Обе женщины фыркнули.
Турецкий указал на кладбище за своей спиной.
- Истряковское кладбище?
- Манихинское лесничество!
- А впереди огни: Москва или Балашиха?
- Це ж Киив.
- Киев?
- Та-а.
- Ну вот. Спасибо…
13
Казалось, что самолет, выполняющий рейс Киев - Москва, не летел, а висел неподвижно над толстым слоем плотной облачности, освещенной ослепительно ярким, только что вставшим солнцем.
Всю эту ночь в аэропорту Киева; в ожидании начала регистрации рейса на Москву, Турецкий провел на ногах, не сомкнув глаз. Он сидел и думал, ходил и думал, жевал плоские пирожки в буфете, непонятно с чем, - и думал, думал, думал…
Ситуация, в которую он попал, приобрела, не без его усилий, весьма и весьма противоречивую окраску.
Он принял без рассуждений на веру эту дикую, ирреальную историю о появлении выходцев с того света. Он принял ее на веру по двум причинам: во-первых, ничего иного ему не оставалось, он был бессилен спасти Настеньку обычными, принятыми в реальной жизни методами - ведь там, где медицина бессильна, что может противопоставить смертельной болезни следователь по особо важным делам? Словом, терять вчера было, в сущности, нечего - почему бы и не сыграть-то было? И он сыграл. Ва-банк. Он не проиграл, безусловно. Но выиграл ли?
С другой стороны, он пошел на эту беседу с покойным А. Н. Грамовым не без расчета проверить шальную гипотезу, подаренную ему. Мариной.

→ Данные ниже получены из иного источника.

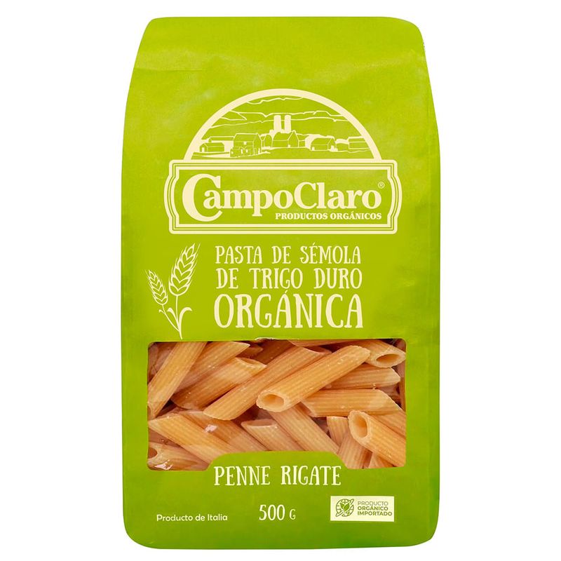 Penne Rigate Trigo Duro Orgánico CAMPOCLARO de 500 g, perfectos para platillos italianos. Elaborados con trigo duro de alta calidad, ofrecen una textura al dente y sabor auténtico, ideales para disfrutar con salsas.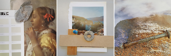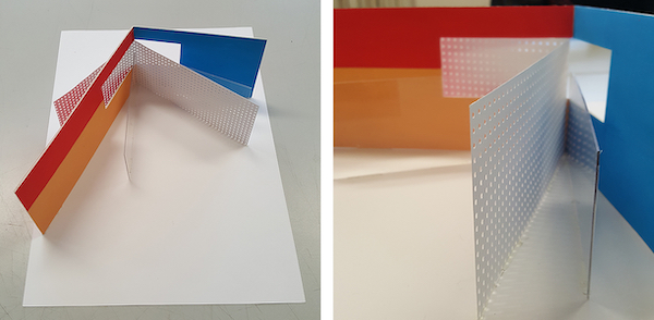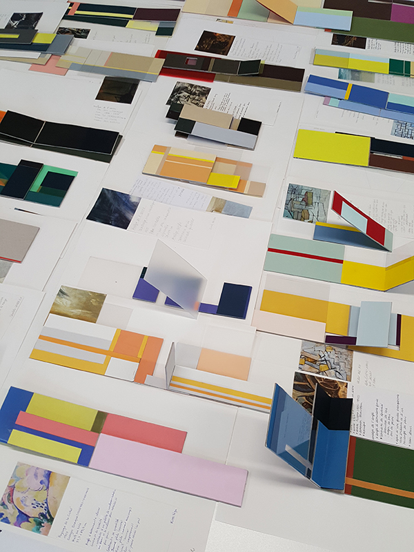 L’exercice permettant d’explorer ces aspects-là, exercice récent mis au point avec mon jeune collègue Maxence Mathieu, consiste à articuler 2 angles, l’un en carton recouvert d’aplats de couleur, lisses, texturés, l’autre en matériaux colorés, translucides, ajourés, etc.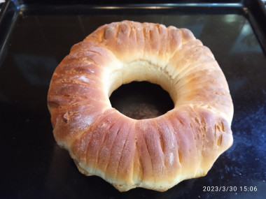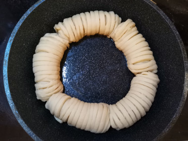 Выложить валики в форму по кругу, чтобы внутри получилась дырка. Накрыть плёнкой и дать ему постоять 60 минут при комнатной температуре, чтобы подошло и выросло в два раза. По истечении 60 минут смазать тесто сверху свежим молоком.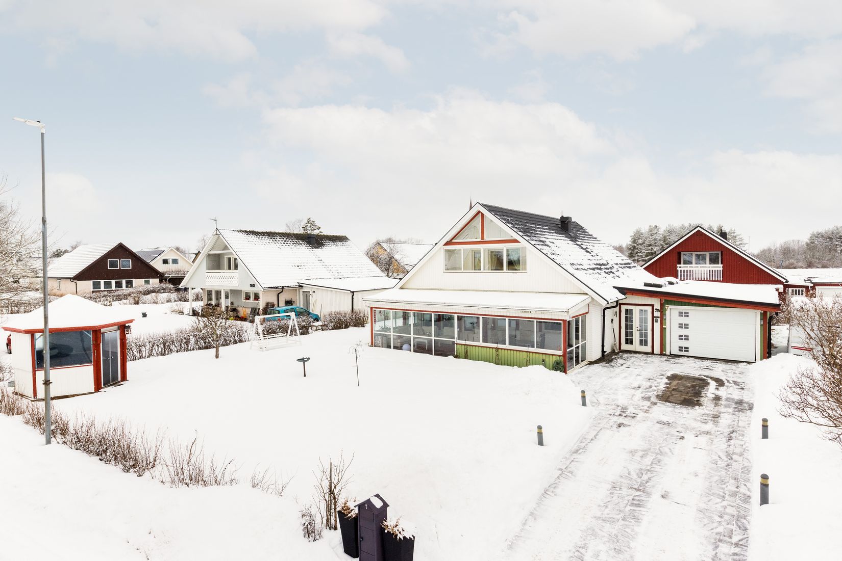 Utomhus är finns en trevlig stensättning från gatan till huset och på uppfarten finns gott om plats för flera bilar samt ett garage md elport och motorvärmare. Den trevliga trädgårdstomten erbjuder fina gräsytor som lämpar sig väl för lek och spel. Här finns även två förråd och lusthus med grillplats.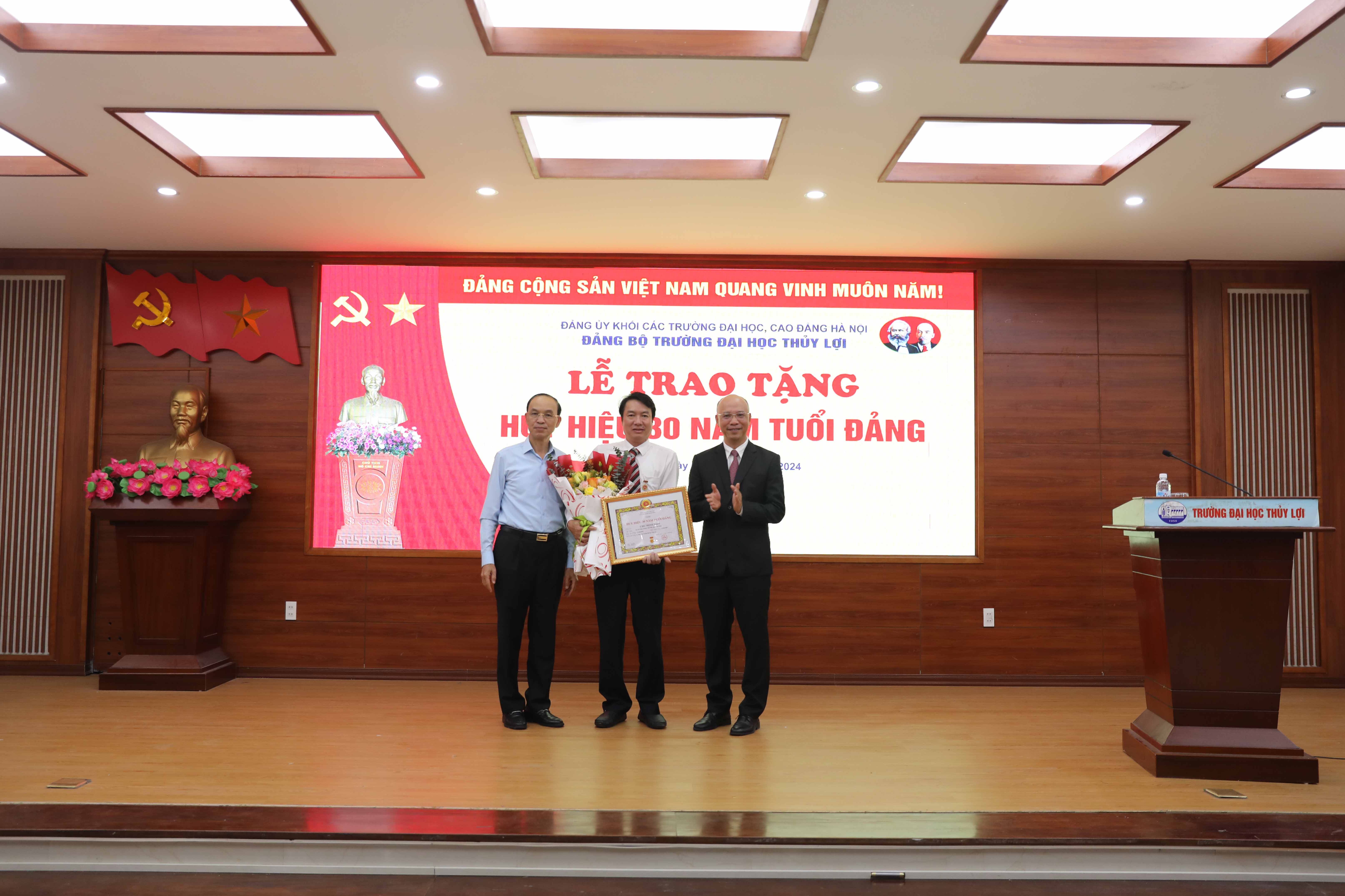 Đại diện lãnh đạo Nhà trường trao tặng Huy hiệu 30 năm tuổi đảng cho đồng chí Chu Minh Tiến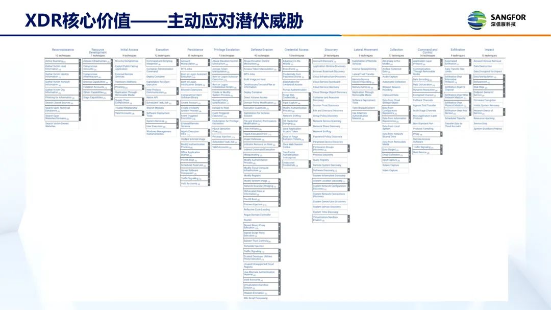 深信服SaaS XDR可覆盖ATTCK 264项技战术,无论是低成本、破坏性小的自动化攻击,还是到高级潜伏、破坏性大的0day漏洞攻击,都无所遁形。
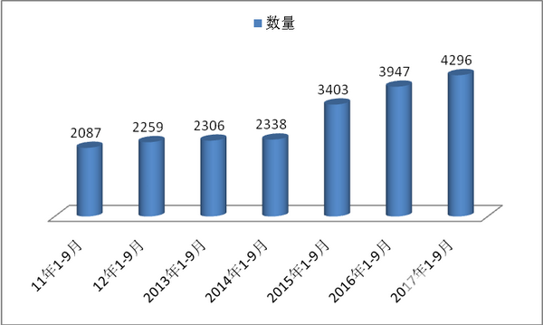 2、按价格区间划分统计2013年1-9月至2017年1-9月近5年高档豪华客车销售数据(表4),单位:辆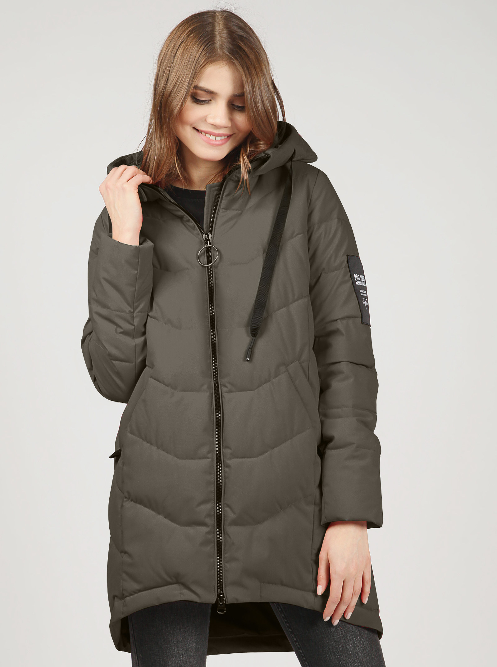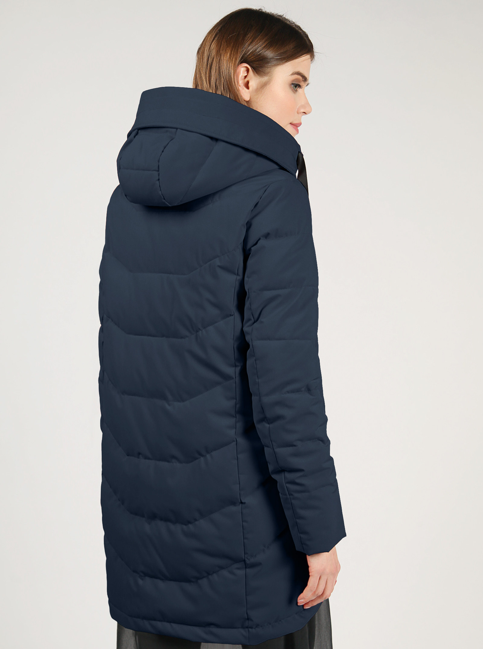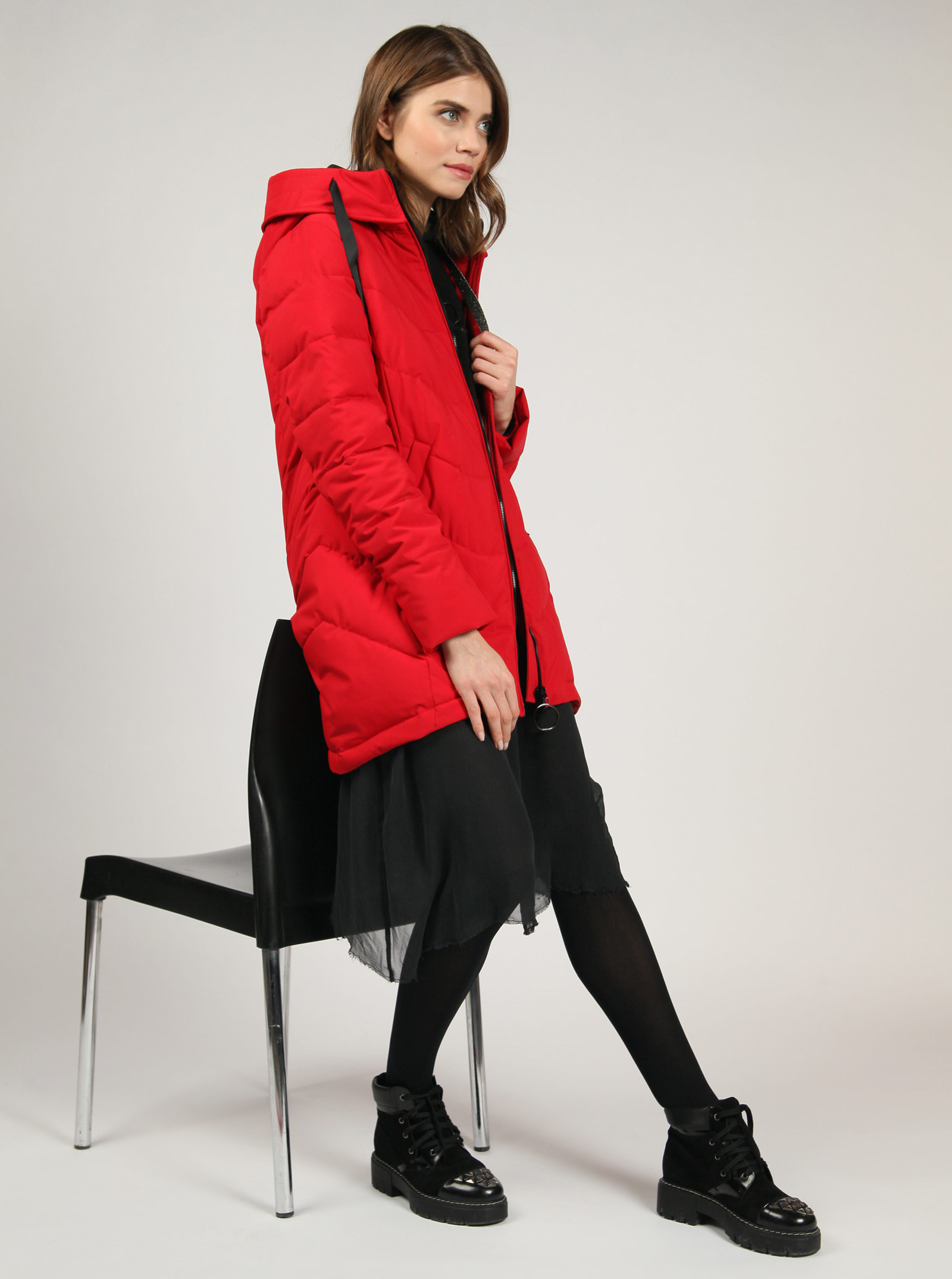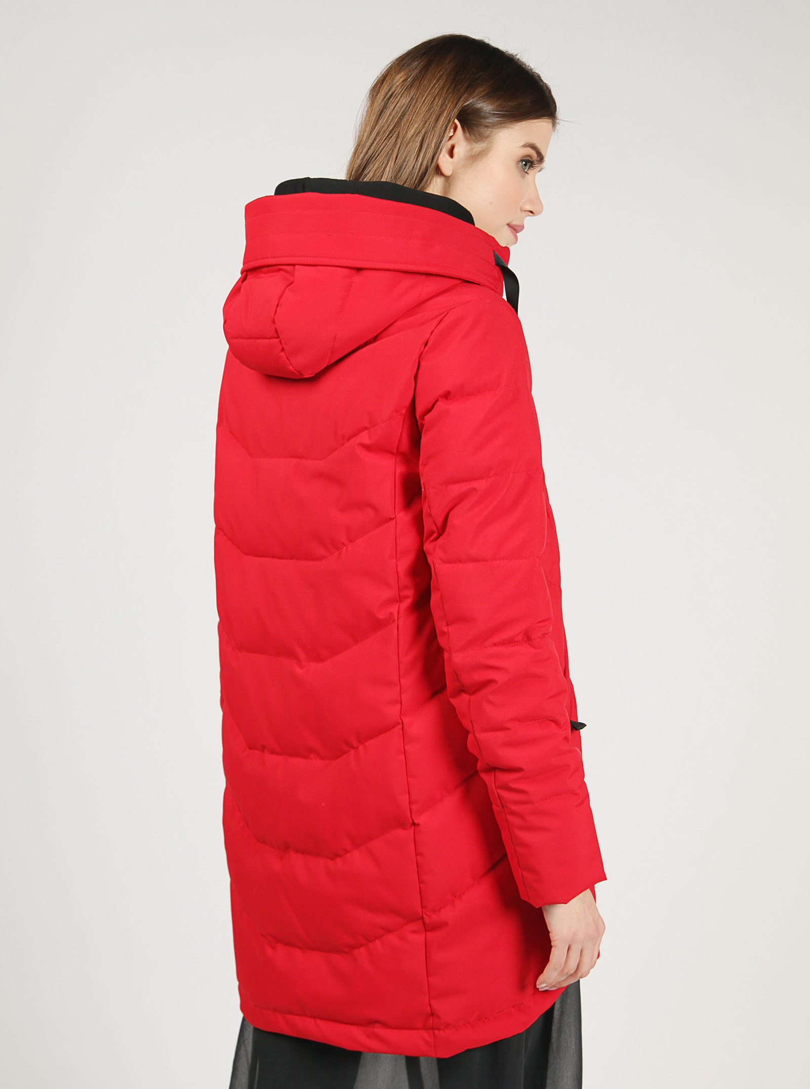 Стеганый пуховик прямого силуэта, длина до колен О-образным низом. Интересная стежка визуально стройнит фигуру. Застежка на молнию, внутри предусмотрена ветрозащитная планка. Контрастная фурнитура и подкладка выигрышно подчеркивает современный дизайн модели. Изделие выполнено из плотной матовой ткани с ветро и водоотталкивающим покрытием.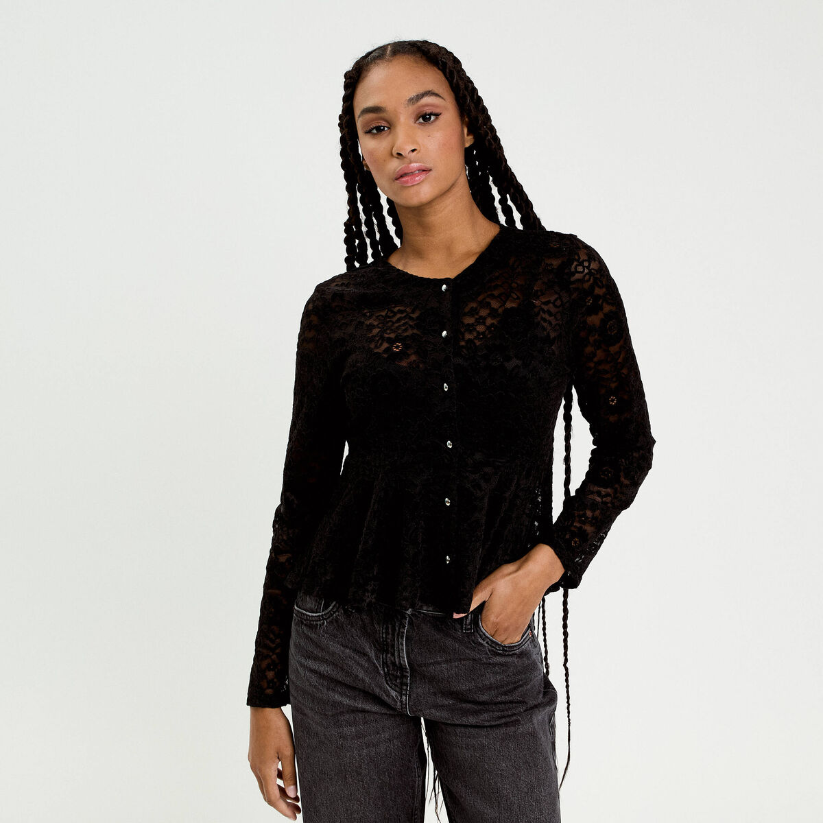 Blouse péplum dentelle noir femme
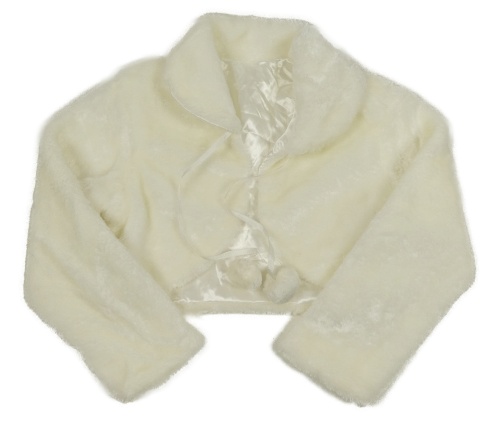 Smetanové kožešinové podšité bolerko s límečkem a bambulkami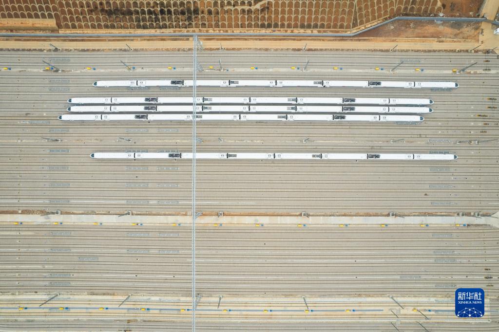 12月26日,列車(chē)準備進(jìn)入渝廈高鐵長(cháng)沙西動(dòng)車(chē)運用所保養、檢修(無(wú)人機照片)。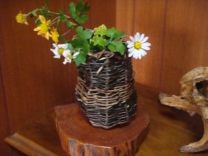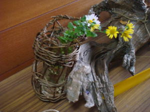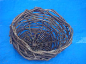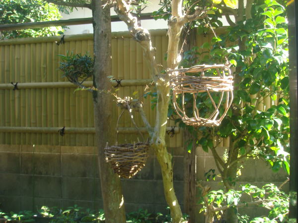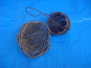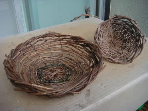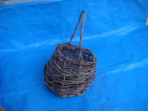 上のは、庭木に下げた籠です。 下は、編んだ籠です。

Да, находясь в гостях у Сергея, он видел призрак собственными глазами, видел. Потом форточка, которая внезапно распахнулась. И электроника, отказавшая вдруг. Все это, конечно, было. И было достаточно убедительно. Но! То даже, что ты, лично ты, видел своими собственными глазами, все это всего лишь… может быть… Бывают и галлюцинации, верно ведь? Форточка и внезапная поломка двухкассетника- все это вроде бы объективные, проверяемые факты? Ничуть! Они как раз могут быть просто случайными. Хотя при вечернем разговоре с Мариной тоже внезапно окно распахнулось. Случайное совпадение. Что в жизни не бывает? Бывает все. И все - ну как нарочно!
Все это были не факты, а лишь фактики, "косвенные улики", которые он, возможно, действительно наблюдал или которые просто ему примерещились. Пусть. Пусть также ему привиделся весь разговор на кладбище. Допустим. Был напряжен, подавлен - галлюцинации… Хотя какие ж к черту галлюцинации?! С чего? Каким образом?! Неясно совершенно. Но пусты Допустим, примерещилось.
Внезапное смертельное заболевание Настеньки и разговор с врачом - вот первый факт, который трудно опровергнуть. Он зарегистрирован документально. Но в чем здесь фокус? Это тоже ведь не доказательство, по сути. Ну пусть, допустим, врач сказал: такого резкого, внезапного развития болезни не бывает. А много он знает, врач? Кто знал, допустим, двадцать лет тому назад о СПИДе? Никто не знал, не ведал ничего. Но СПИД реальность? Безусловно. Выходит, и болезнь Настеньки доказывает ой немногое-
Единственное - этот перенос в пространстве- мгновенный, на полтыщи километров? Он тоже может быть документально подтвержден: он в Киеве. Имеет на руках билет в Москву. Зарегистрируется в списке пассажиров. Все это проверяется - не галлюцинация ли? Что это, как не доказательство? Зачем еще понадобилось бы духам перенести его сюда? Одна лишь цель: наглядно убедить. Нос утереть. Ему, Турецкому. И подчеркнуть, что, заключив с ними договор - а разговор на кладбище конечно же носил характер договора и имел силу договора… Так вот, они перенесли его в Киев, просто чтобы подчеркнуть: договор, схожий с продажей души дьяволу, вполне серьезен, и если он попытается вильнуть, сойти с предложенной им же самим стези, то они ему… Тут же, конечно! Мало не покажется.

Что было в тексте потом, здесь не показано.